Commensurate-incommensurate transition in frustrated Wigner crystals

Geometric frustration in systems with long-range interactions is a largely unexplored phenomenon. In this work we analyse the ground state emerging from the competition between a periodic potential and a Wigner crystal in one dimension, consisting of a selforganized chain of particles with the same charge. This system is a paradigmatic realization of the Frenkel-Kontorova model with Coulomb interactions. We derive the action of a Coulomb soliton in the continuum limit and demonstrate the mapping to a massive (1+1) Thirring model with long-range interactions. Here, the solitons are charged fermionic excitations over an effective Dirac sea.

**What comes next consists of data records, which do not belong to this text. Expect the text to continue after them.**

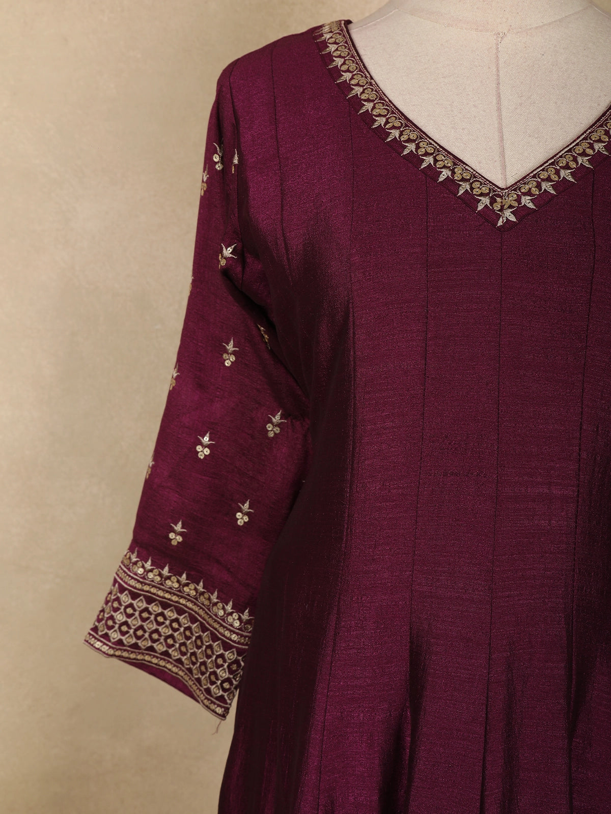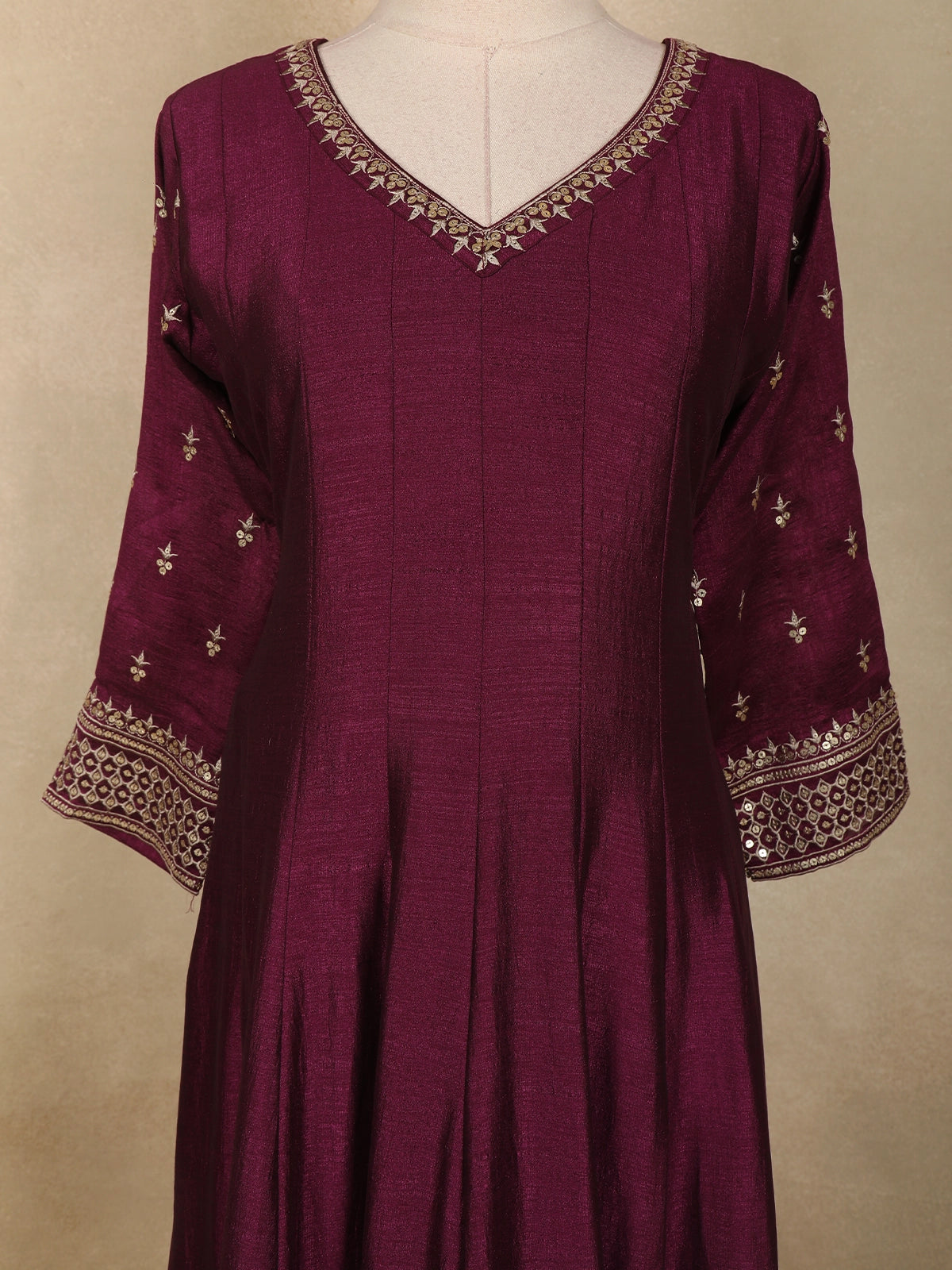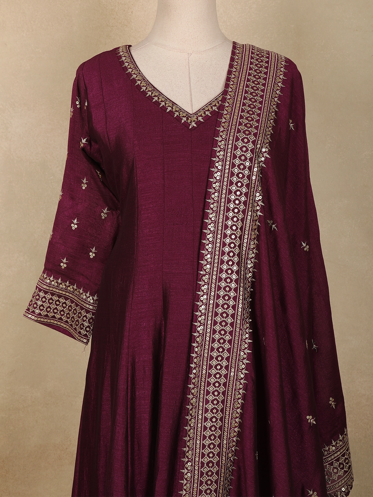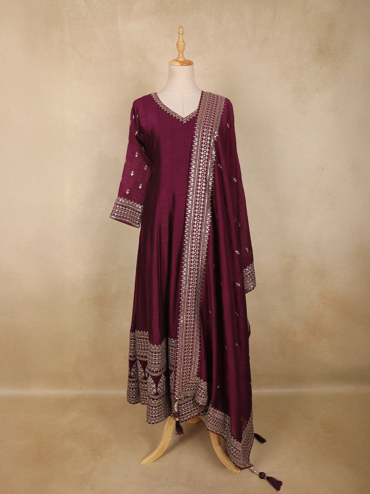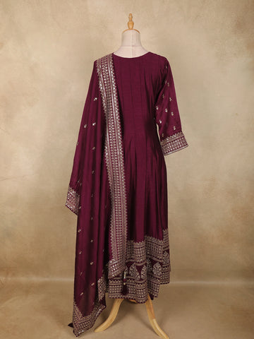 Wine Embroidered Georgette Anarkali Suit with Dupatta
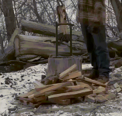 Fixez-le sur une souche ou posez-le à plat, glissez la bûche dans l’anneau puis frappez au marteau pour la fendre en allumettes.
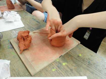 土粘土をひも状にして積み上げて作る子もいれば、粘土のかたまりにどんどんパーツを取り付ける子もいて、いろいろな方法で自分のイメージにあう作品を作り上げることが出来ました。
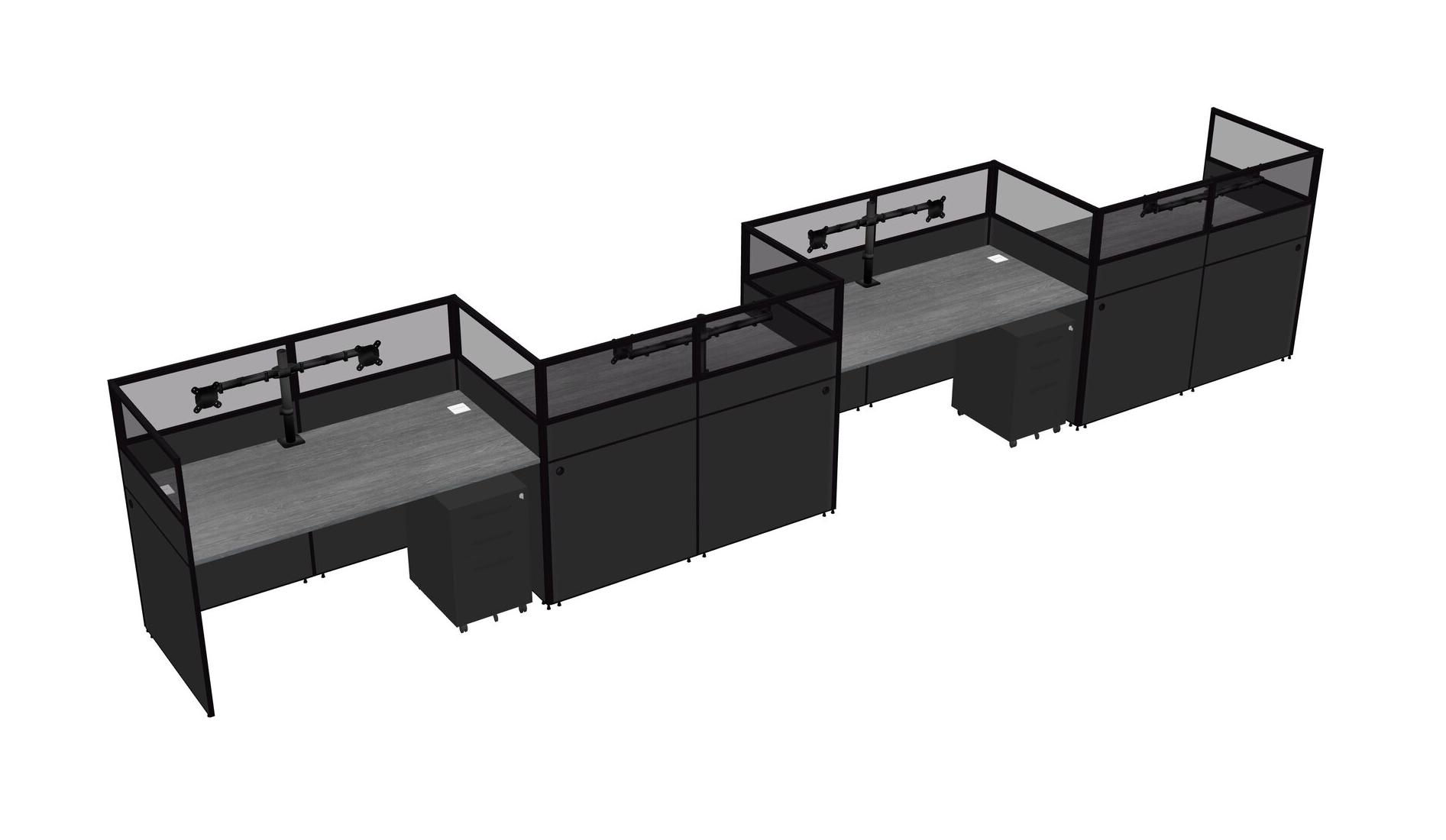 Grey Rectangular Cubicle Workstations For 4 - Zigzag Formation + Black Metal Mobile Drawers
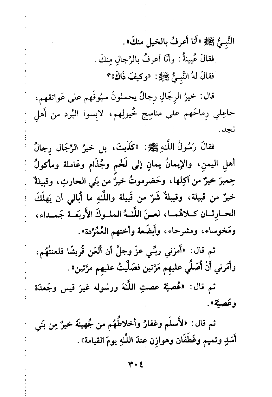 قال: خير الرجال رجالٌ يحملون سيوفهم على عواتقهم، جاعلي رماحهم على مناسج خيولهم، لابسوا البرد من أهل نجد.

The mismatch between the periodicities of potential and chain, giving rise to frustration, is a chemical potential whose amplitude is majorly determined by the Coulomb self-energy. The mean-field limit is a long-range antiferromagnetic spin chain with uniform magnetic field and predicts that the commensurate, periodic structures form a complete devil's staircase as a function of the charge density. Each step of the staircase correspond to the interval of stability of a stable commensurate phase and scales with the number $N$ of charges as $1/\ln N$. This implies that there is no commensurate-incommensurate phase transition in the thermodynamic limit. For finite systems, however, the ground state has a fractal structure that could be measured in experiments with laser-cooled ions in traps.